It is true that this notion is at the basis of the interpretation of section 260 of the Act. But, in that context, it has led to the development of a question-begging distinction between cases where a taxpayer is said to have a ‘choice’ to pursue a course of action which will reduce his tax and cases where he has not. And the drawing of an inference of purpose to reduce tax is unpredictable. A gift of property by a husband to his wife is as much open to the construction that he has moved by love for her as it is open to the construction that it was done to reduce tax on the income produced by the property given.
A principle requiring the defeat of a transfer of income to a person, most likely a spouse, who may be expected to share the enjoyment of the income with the transferor may have some merit as the basis of measures directed against transfers of income, though the appropriate measures would, of course, have a significantly narrower operation than those proposed by the Committee. This principle might be seen as some expression of the philosophy of family unit taxation discussed in Chapter 10. It would be said that the transferor's ability to pay tax should be determined not only by reference to income he himself has derived, but also by reference to income derived by others who may be expected to share that income with him. The income transferred should be taxed to him or taxed at a rate determined by reference to his income.
Clearly the expression given to the family unit philosophy by the principle would be very limited. That philosophy assumes that the ability of an individual to pay tax should reflect not only the benefits he may expect from the expenditure of income by others, but also the benefits he confers on others by sharing his income with them. It requires an aggregation of the incomes of those who share expenditures, and the taxing of that aggregated income at a rate which reflects the fact that the aggregated income supports more than one individual. And the principle would apply only when the shared income had been the subject of transfer. The principle cannot give effect to the philosophy where the shared income enjoyed by one spouse is income derived from property which the other has inherited from a third party.
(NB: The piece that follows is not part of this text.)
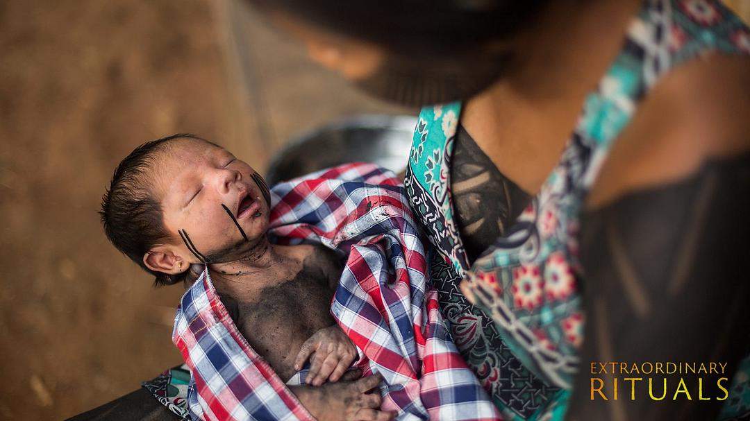 巴西的雨林裏,人們相信生產是非常兇險的過程,嬰兒可能會被已故的先祖帶走。於是一系列的儀式被髮明出來以保護新生兒:用藥草給它洗澡,穿耳洞以打開它對世界的感官,用植物染料畫在他身上以表示家人對它的愛。(這裏用“它”是因為在很多文化中嬰兒只能算“半人”,它們需要經過一系列成人禮才能成為完整的人。)

Moreover, there are very significant practical limitations on how far measures giving effect to the principle can go. Any attempt, otherwise than by the most arbitrary rules, to identify as income transferred income which flows from the investment of money transferred or from property transferred is clearly an impossible undertaking. There may have been movements of money and other property, sometimes in both directions, between husband and wife over a period of years and dealings with that money or other property.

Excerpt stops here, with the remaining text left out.